Статьи о политике и экономике Таня пропускала. Среди других тем неожиданно оказалась одной из главных тема «похождений проводников». В газетах смачно описывали курортные романы в Крыму с местными мусульманами и жарко спорили о нравственности отдыхающих женщин, пользующихся услугами татар-проводников на конных прогулках. Писали, что прибывавшие в одиночку на отдых российские дамы, в основном состоятельные и скучающие, с удовольствием выезжали на одиночные конные прогулки в сопровождении татарского наездника-проводника. Эти проводники были все как на подбор высокие, с хорошей фигурой, которую подчеркивали броской одеждой. Журналисты и авторы писем в редакцию возмущались, что татары-поводники составили в крымских городах целые профсоюзы и зарабатывают не столько своими прямыми обязанностями, сколько мужской проституцей, соблазняя скучающих славянских женщин.

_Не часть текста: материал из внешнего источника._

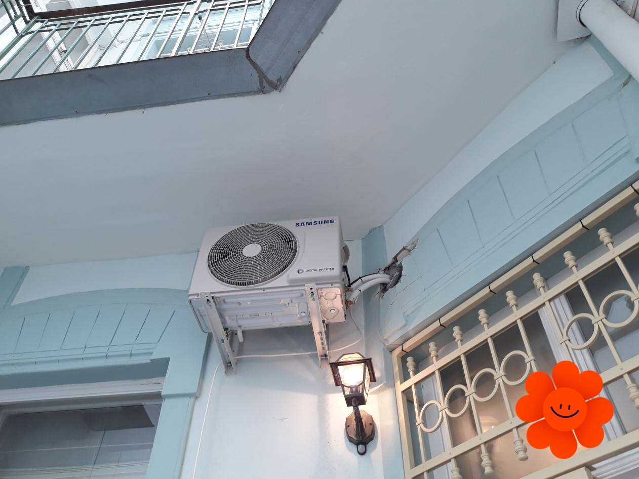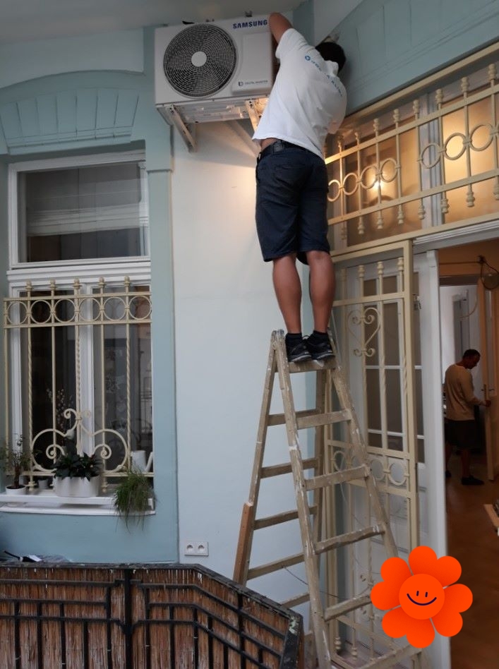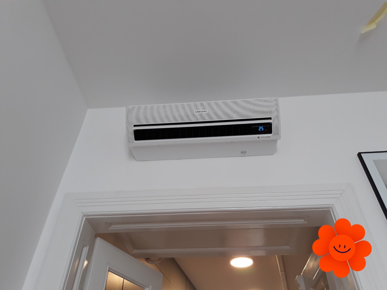 Montáž klimatizácie Samsung AR9500 Wind-Free Standard do bytu nad dvere. Rozvody sa ťahajú vrchom steny k vonkajšej jednotke.

Вот мать и дочь, поездив в окрестностях Ялты с 18-летним проводником, похитили его и вывезли на пароходе в Одессу. Молодой парень сбежал от них, мать снова приехала за ним в Крым, бросилась к ногам торговца фруктами, с просьбой посодействовать браку проводника с ее дочерью: «Дочь моя или умрет, или сойдет с ума. Ради Бога, спасите нас!».

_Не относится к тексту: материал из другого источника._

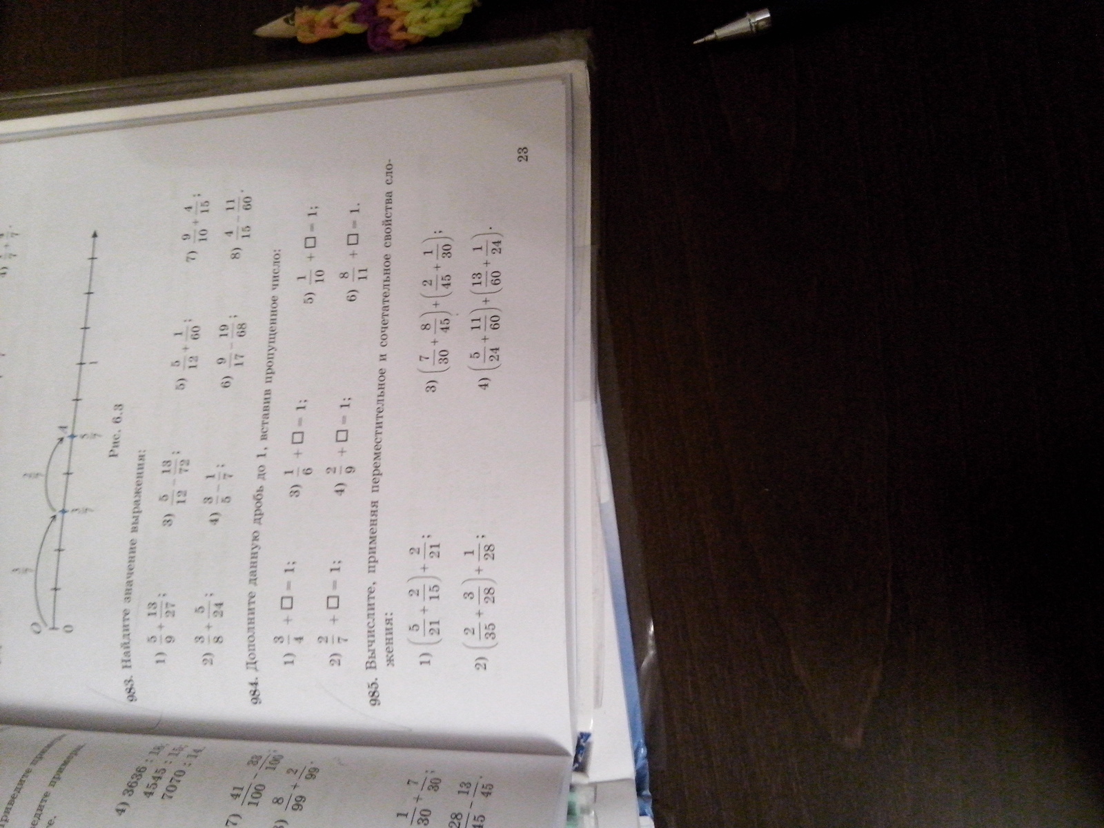 В первом лучше сначало сложить дроби 5/21+2/21 (у них знаменатель одинаковый), затем прибавить 2/15.

А вот «вдовствующие московские купчихи, не довольствуясь летними флиртами с проводниками, решили иметь их постоянно под рукой и для этого выписали из Ялты настоящих проводников себе в Москву». Кто-то назвал таких татарских парней «кокотками мужского пола», и вот в их защиту выступила читаельница в опубликованном письме: «Это вовсе не „кокотки мужского пола“… а мужчины (sic!) с душою и… темпераментом, о каком наши русские мужчины и представления не имеют».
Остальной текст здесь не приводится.